For levenshtein, this means that only 1 field value can have the minimum distance, if 2 values share the minimum distance then the action won’t take place.

“all” - the modification is done to every record that matches.

If the match tag is not specified, then the type defaults to “first”.

Modifications

There are 6 modifications that can be done, “assign”, “append”, “prepend”, “regex”, “delete”, and “rename”.

assign - will overwrite whatever value is in the field with the indicated assignment value.

Signatures:

#[table_name].field_name[%attribute].assign

*#[table_name].field_name[%attribute].assign

If the indicated assignment field does not exist in the record then it will be added to the record.

An eval function can be used in the form “eval(…)”.

“#field_name#” and “#r’…’#” can be used to construct the assignment value for the record.

All Python language operators can be used. But remember to use “float(#field_name#)” to convert strings to floating point numbers.

Example: eval(float(#intensity#) / float(#normalization#) * 5)

evals that return a list of strings will convert the field to a list field.

Add an asterisk, ‘*’, to the front of the tag to interpret the assignment value as a list and assign that list value to the field.

An eval function can be used, but it must return a list of strings.

The assign modification can be used to change list types to non list types and vice versa.

This can lead to an issue where some records have a list type for the field and some do not.

If that is not intended, then be sure to construct the assign tag such that it matches the type of the field.

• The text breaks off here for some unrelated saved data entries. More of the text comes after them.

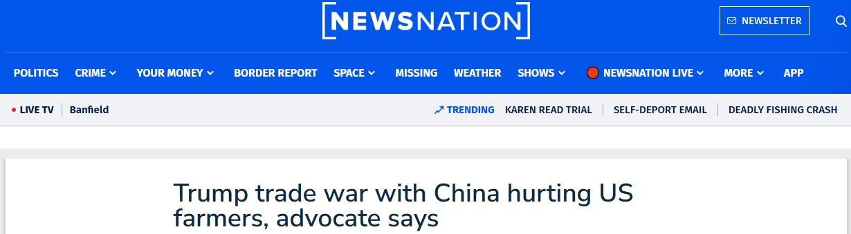 △美國媒體援引美國農(nóng)民工會主席的評論:特朗普發(fā)起對中國的貿(mào)易戰(zhàn)傷害了美國農(nóng)民
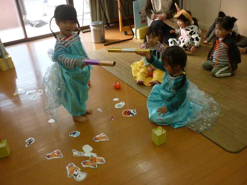 まだ見つけられていないお友だちに「ここだよ」と小声で教えてあげる微笑ましい光景も
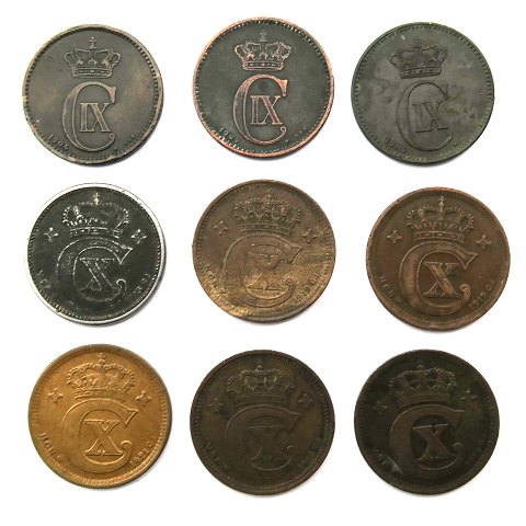 Lot bestående af 5 øre 2x 1904, 1906, 2x 1916, 1918, 2x 1919 bronze og 1921. 1906 let korroderet. 1921 pænt eksemplar.
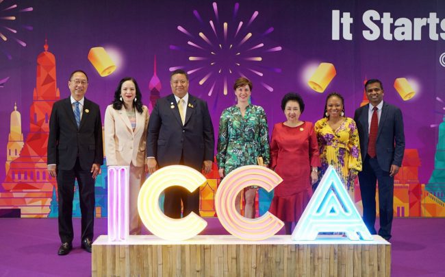 ดร.อรรชกา สีบุญเรือง ประธานกรรมการส่งเสริมการจัดประชุมและนิทรรศการ ทีเส็บ (ลำดับ 5 จากซ้าย) พร้อมด้วย นายจิรุตถ์ อิศรางกูร ณ อยุธยา ผู้อำนวยการสำนักงานส่งเสริมการจัดประชุมและนิทรรศการ (องค์การมหาชน) หรือ ทีเส็บ (ลำดับ 3 จากซ้าย) ร่วมให้การต้อนรับ นางมาธา โกเมส ประธานสมาคมการประชุมนานาชาติ หรือ ICCA (กลาง) นายเซนทิล โกพินาท ประธานเจ้าหน้าที่บริหาร ICCA (ขวา) และผู้เข้าร่วมงาน The 62nd International Congress and Convention Association Congress 2023 (ICCA Congress 2023) งานประชุมระดับนานาชาติที่มีผู้เข้าร่วมนับพันรายจากเกือบ 100 ประเทศทั่วโลก โดยมี ดร.พสุ โลหารชุม กรรมการฯ ทีเส็บ (ซ้าย) และนางสาวปนิษฐา บุรี นายกสมาคม TEA (ลำดับ 2 จากซ้าย) มาร่วมงานด้วย ณ ทรู ไอคอน ฮอลล์ ไอคอนสยาม เมื่อเร็วๆ นี้
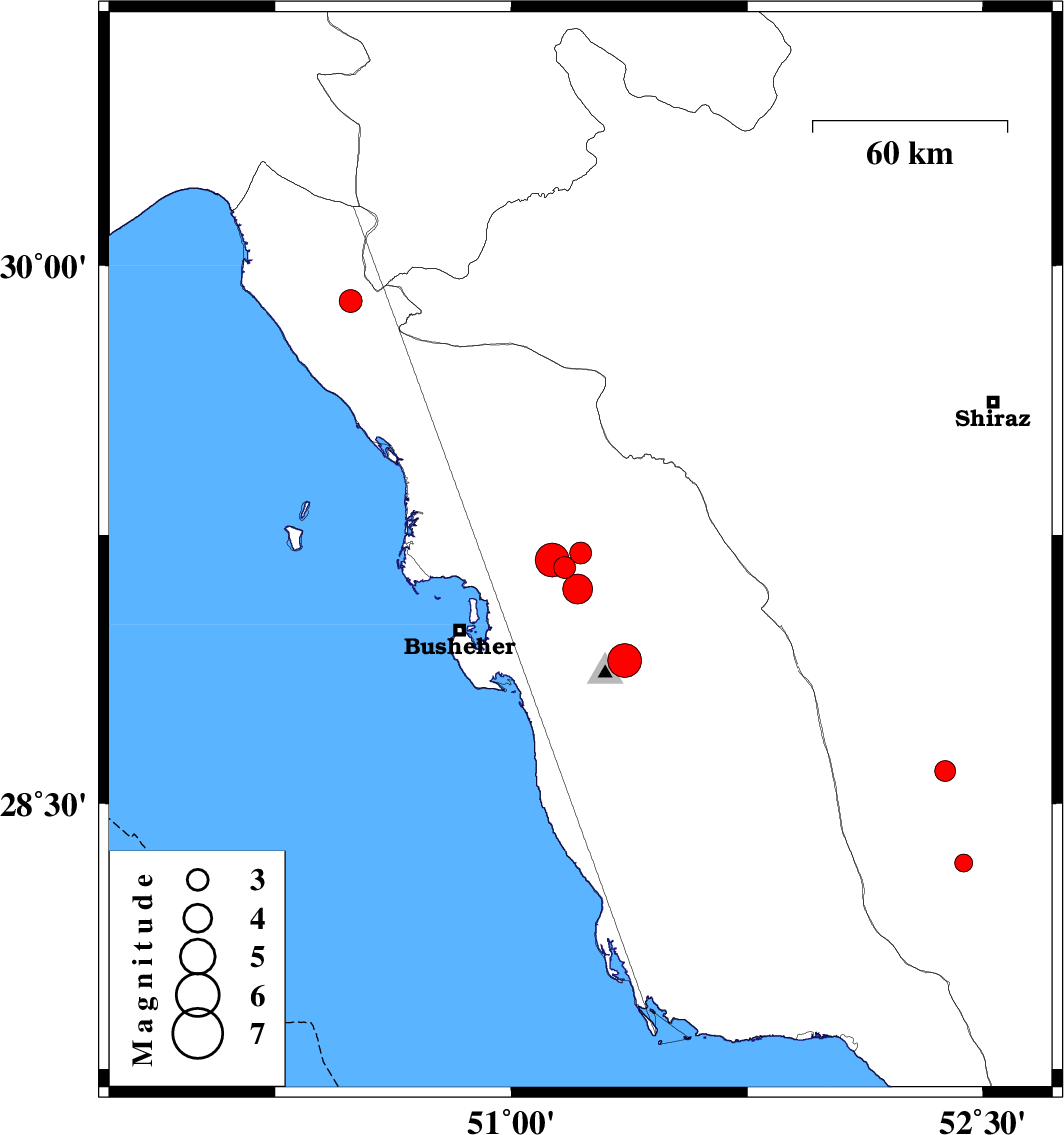 | 2020/01/08 | 03:46:46.7 | 07:16:46.7 | 29.16 | 51.17 | 10 | ML:3.1 | Bushehr Province, 12 km South of Borazjan | ||

For instance, make sure evals return a list if the field should be a list type.

Example:

#tags

#measurement.compound.value

#measurement.compound.assign

(S)-2-Acetolactate_Glutaric acid_Methylsuccinic acid_MP_NoStd

(S)-2-Acetolactate Glutaric acid Methylsuccinic acid

…

…

append - will append the indicated value to the value in the indicated field.

Signatures:

#[table_name].field_name[%attribute].append

*#[table_name].field_name[%attribute].append

If the indicated append field does not exist in the record, then it will be added to the record.

If the field value is a list and the append value is not a list, then the append value will be appended to each value in the list.

Add an asterisk, ‘*’, to the front of the tag to interpret the append value as a list.

When the append value is a list, the behavior is more complicated.

For each value in the field value list, the append value in the append list at the same index will be appended to the field value.

Examples:

field_value = [“a”, “b”] append_value = [“c”, “d”] result = [“ac”, “bd”]

field_value = [“a”, “b”] append_value = [“c”, “d”, “e”] result = [“ac”, “bd”]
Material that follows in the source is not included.